Wow, it has been a year since the chassis arrived and I have only really managed to do research!

I like the idea of restoring this one as a commandeered lorry made into a mobile workshop. So when I saw this Austin lighting set I had to add it to the collection (I do like T head engines with separate cylinders).

IMG_5092s.thumb.jpg.6383d83c3b7150289f58818039a60e5f.jpg

It needs quite a lot of work as the water jackets are split, it has the wrong carb and has been converted to coil ignition. The dynamo is just as bad; seized, missing the rotor windings, commutator and brushes. Quite a lot of research to be done on this one too.

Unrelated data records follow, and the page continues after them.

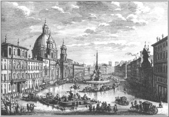 No ano de 1652, num dia escaldante e poeirento do Agosto mediterrâneo, o papa Inocêncio mandou abrir as valvulas inferiores da Fonte dos Quatro Rios, para alagar a praça.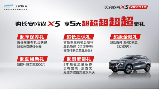為了能夠讓用戶(hù)在用車(chē)方面消除后顧之憂,在上市當(dāng)天,長(zhǎng)安歐尚X5還推出了超享保養(yǎng)禮、超長(zhǎng)質(zhì)保禮、超級(jí)金融禮、超勁煥新禮、超爽流量禮五大超豪禮購(gòu)車(chē)福利,在高價(jià)值產(chǎn)品之外,保障每位用戶(hù)都能實(shí)現(xiàn)輕松購(gòu)車(chē)、省心用車(chē)。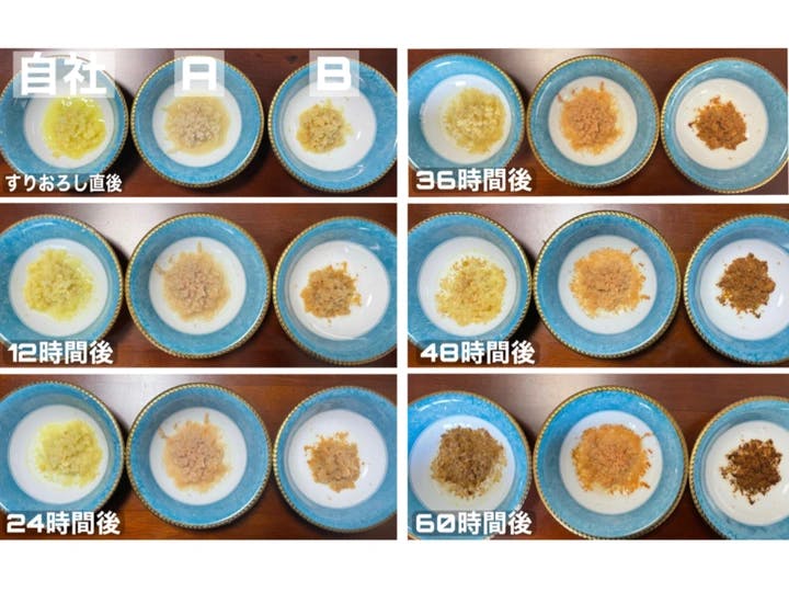 自社品質比較試験で、すりおろした後の変色の経過、風味の劣化など、酸化する早さが遅い「日持ちする生姜」だと認識しました。
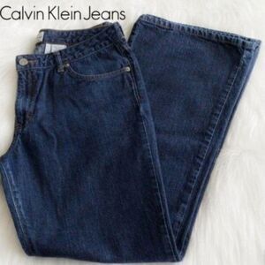 These pair of LIKE NEW CALVIN KLEIN Dark wash jeans Flare legs / boots cut 100% cotton, classic bootcut cut that flatters and slims the figure. High-quality denim with a comfortable fit and a slight flare at the hem, ideal for pairing with boots or casual shoes. Perfect for stylish everyday or casual looks.

IMG_5095s.thumb.jpg.367d57e693a90392ca71339a100803b8.jpg

So it is a compound wound, 1200RPM 110Vdc 27A 3kW generator connected to what appears to be two cylinders from a 10HP 4 cylinder Austin built in 1914. Now I need to try to work out how the armature should be wound, I guess I should start by looking at the one in Duxford. Does anyone have any photos or information?

 

I have one of the Austin engines.  It is No. 136 with a hand etched ID plate.  It has a cast steel engine base so probably was not a generating set.  I found it in Mallacoota Victoria in 1976 and only managed to acquire it last year.  It is complete but I haven't got it rinning as yet.  Not sure what the radiator should be like either..  The generator is just sitting there to fill up space.